Retype word for word the stretch of entries below from the line that has "2015春季女装新款圆领重工镂空绣花刺绣收腰无袖连衣裙" through the line that has "Descending to Loch", and omit the pictures.

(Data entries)
--------

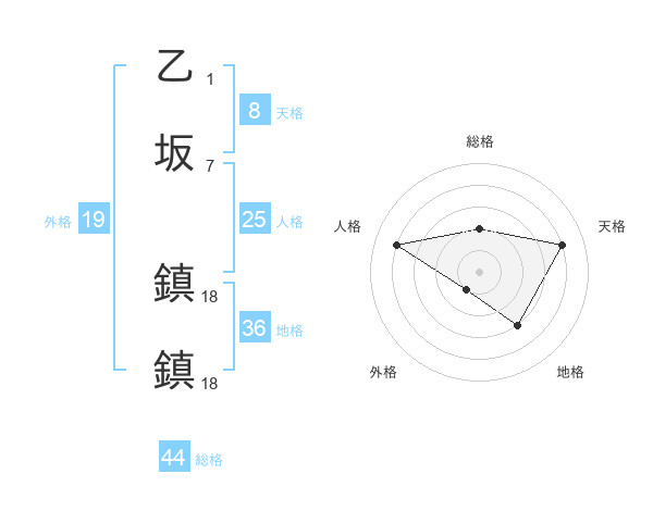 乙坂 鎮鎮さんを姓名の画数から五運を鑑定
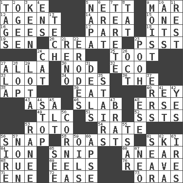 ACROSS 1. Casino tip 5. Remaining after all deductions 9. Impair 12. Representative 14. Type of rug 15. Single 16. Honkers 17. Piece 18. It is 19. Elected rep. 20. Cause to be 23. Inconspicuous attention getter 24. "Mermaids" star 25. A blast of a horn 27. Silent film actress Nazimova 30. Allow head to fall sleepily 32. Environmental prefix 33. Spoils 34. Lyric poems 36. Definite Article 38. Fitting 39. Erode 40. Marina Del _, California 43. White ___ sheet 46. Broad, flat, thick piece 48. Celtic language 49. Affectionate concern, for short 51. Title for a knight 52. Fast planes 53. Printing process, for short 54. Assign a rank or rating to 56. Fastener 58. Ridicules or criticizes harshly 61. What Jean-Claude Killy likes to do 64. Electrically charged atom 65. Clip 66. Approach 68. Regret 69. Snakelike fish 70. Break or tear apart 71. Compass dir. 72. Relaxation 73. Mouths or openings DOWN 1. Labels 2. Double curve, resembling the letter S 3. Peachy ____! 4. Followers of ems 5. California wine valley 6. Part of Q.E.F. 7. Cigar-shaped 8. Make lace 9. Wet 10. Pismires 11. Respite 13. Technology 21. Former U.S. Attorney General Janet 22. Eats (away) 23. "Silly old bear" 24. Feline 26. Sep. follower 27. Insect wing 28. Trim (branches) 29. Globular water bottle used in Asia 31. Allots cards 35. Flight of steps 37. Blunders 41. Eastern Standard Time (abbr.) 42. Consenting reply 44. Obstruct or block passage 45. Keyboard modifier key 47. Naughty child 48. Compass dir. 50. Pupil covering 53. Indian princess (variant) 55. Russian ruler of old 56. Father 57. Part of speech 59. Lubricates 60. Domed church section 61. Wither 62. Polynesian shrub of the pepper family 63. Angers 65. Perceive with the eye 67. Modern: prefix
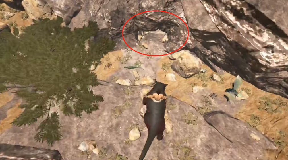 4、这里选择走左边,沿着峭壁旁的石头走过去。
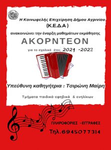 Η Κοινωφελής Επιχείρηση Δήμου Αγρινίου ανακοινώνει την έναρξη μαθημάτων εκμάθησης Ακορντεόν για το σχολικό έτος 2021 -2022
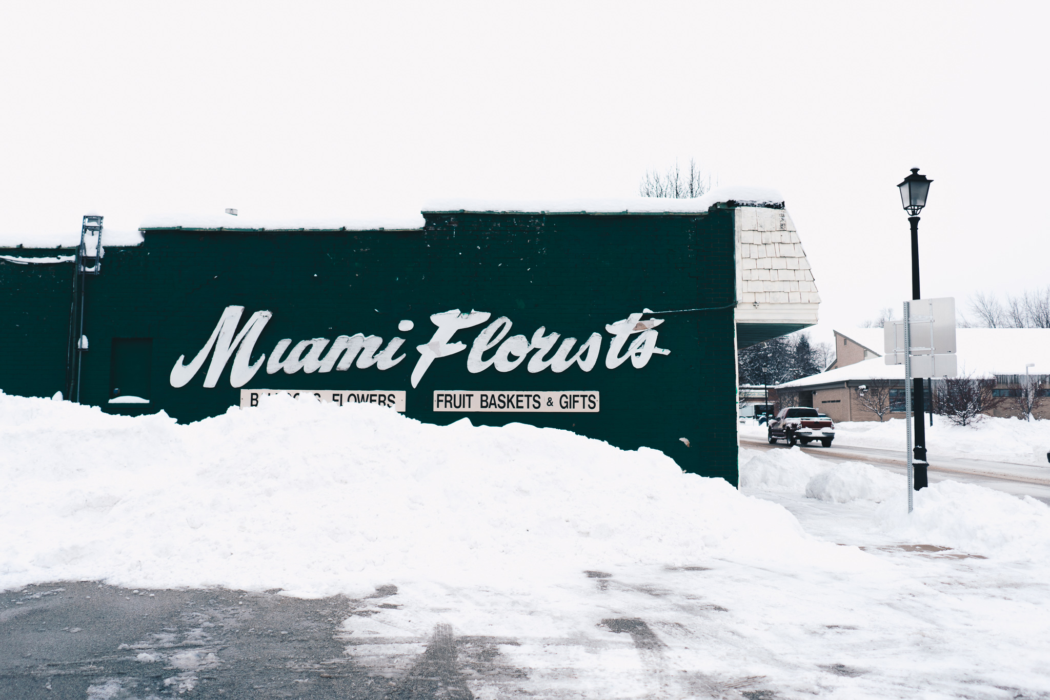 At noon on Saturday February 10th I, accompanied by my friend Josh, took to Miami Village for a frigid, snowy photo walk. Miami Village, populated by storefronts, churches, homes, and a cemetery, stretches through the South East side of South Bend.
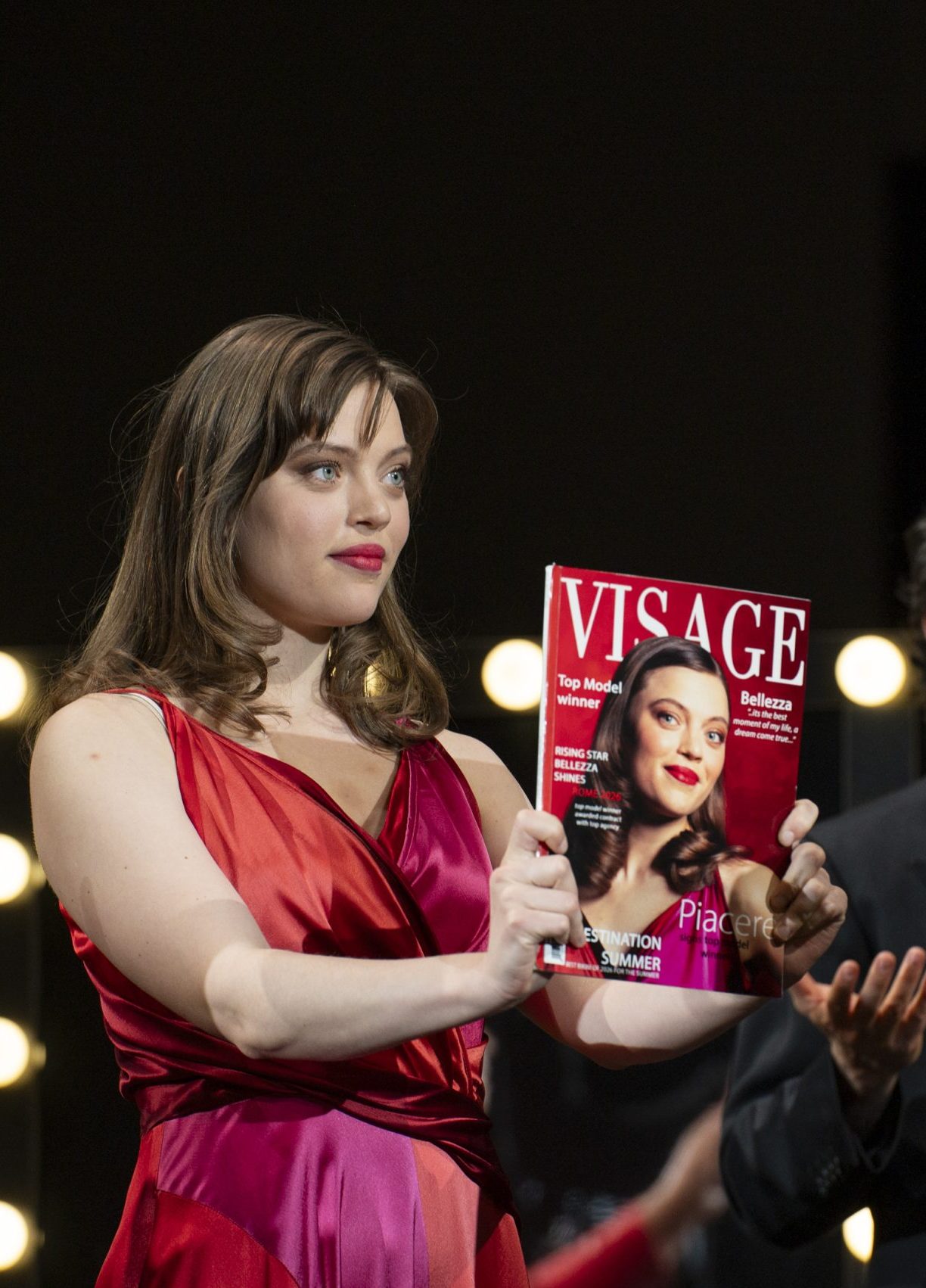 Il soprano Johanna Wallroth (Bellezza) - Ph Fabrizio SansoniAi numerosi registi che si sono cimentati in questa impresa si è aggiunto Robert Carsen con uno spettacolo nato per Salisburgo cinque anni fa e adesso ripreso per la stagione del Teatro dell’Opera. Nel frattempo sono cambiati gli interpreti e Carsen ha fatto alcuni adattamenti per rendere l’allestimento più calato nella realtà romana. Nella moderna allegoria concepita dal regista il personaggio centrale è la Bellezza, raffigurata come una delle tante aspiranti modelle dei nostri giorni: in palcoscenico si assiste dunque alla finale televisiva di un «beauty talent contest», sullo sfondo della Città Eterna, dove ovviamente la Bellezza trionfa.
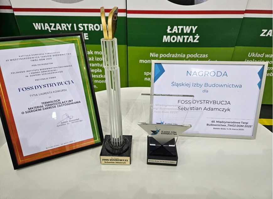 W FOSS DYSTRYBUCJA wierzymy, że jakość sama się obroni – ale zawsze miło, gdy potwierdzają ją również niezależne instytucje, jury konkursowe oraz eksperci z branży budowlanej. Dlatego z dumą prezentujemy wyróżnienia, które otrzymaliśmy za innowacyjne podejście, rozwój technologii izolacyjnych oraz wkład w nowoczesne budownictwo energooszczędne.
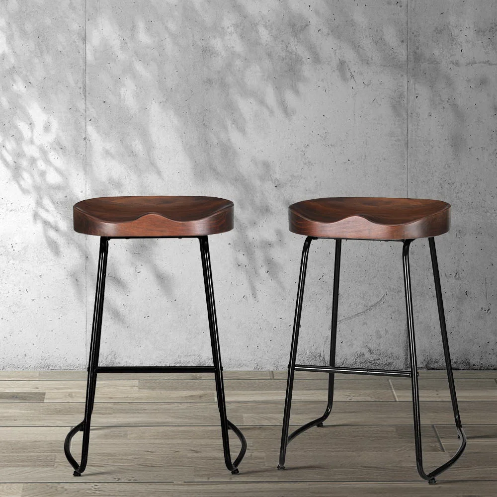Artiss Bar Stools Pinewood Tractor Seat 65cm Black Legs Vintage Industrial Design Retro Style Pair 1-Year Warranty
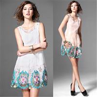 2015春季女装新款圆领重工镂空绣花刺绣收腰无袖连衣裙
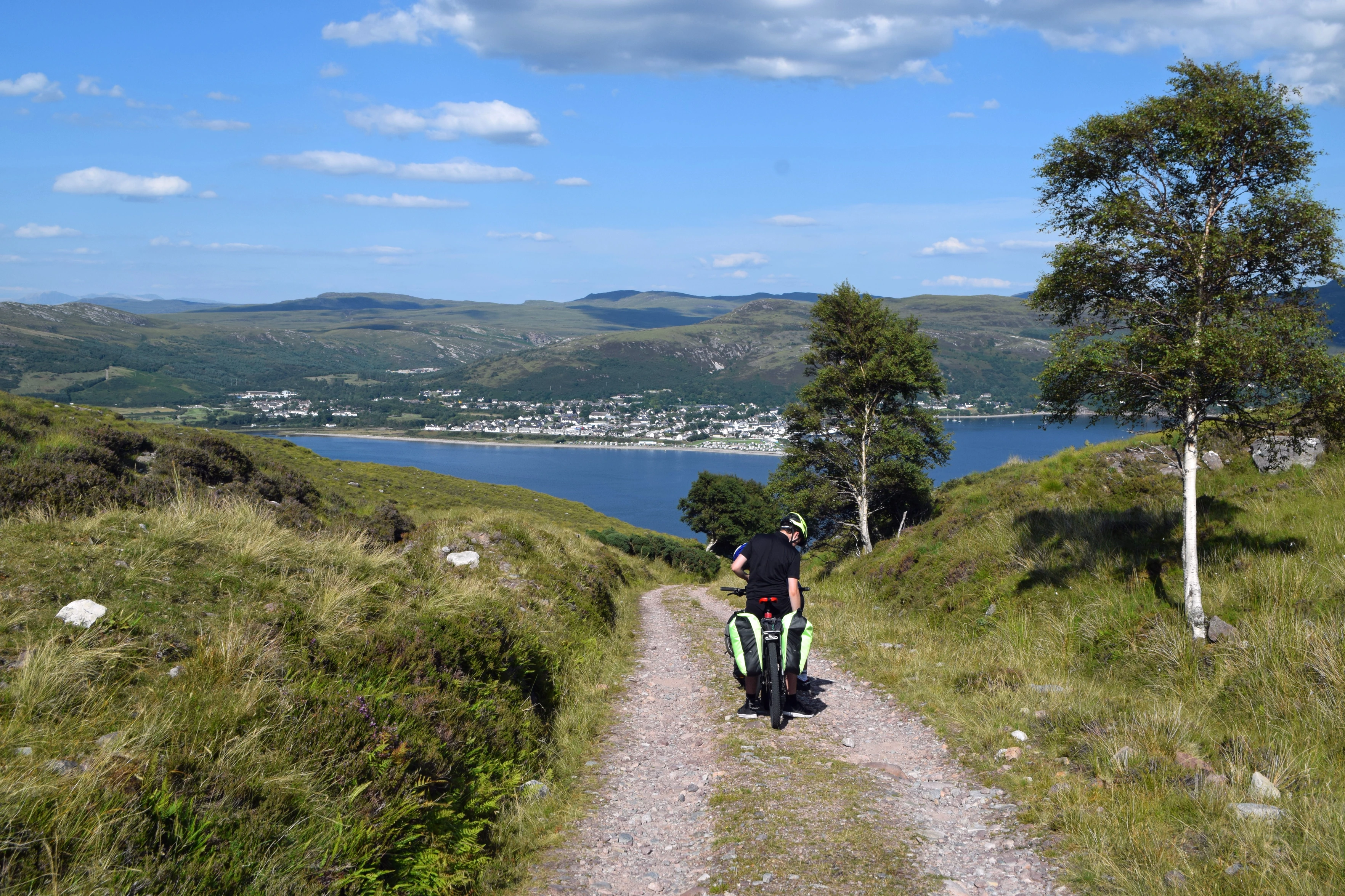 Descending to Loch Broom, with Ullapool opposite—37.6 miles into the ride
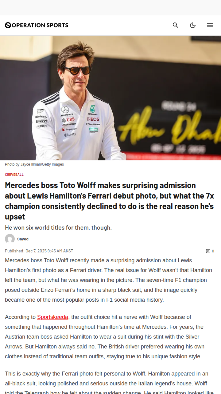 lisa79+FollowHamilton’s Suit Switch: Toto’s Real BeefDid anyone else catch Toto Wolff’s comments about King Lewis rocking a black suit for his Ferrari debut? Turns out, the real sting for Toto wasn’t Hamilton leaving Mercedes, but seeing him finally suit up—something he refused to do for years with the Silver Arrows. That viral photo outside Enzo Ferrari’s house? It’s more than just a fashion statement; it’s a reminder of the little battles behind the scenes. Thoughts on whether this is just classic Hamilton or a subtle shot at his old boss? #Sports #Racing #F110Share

--------

▶ _Reply to the task_
 2015春季女装新款圆领重工镂空绣花刺绣收腰无袖连衣裙
 Descending to Loch Broom, with Ullapool opposite—37.6 miles into the ride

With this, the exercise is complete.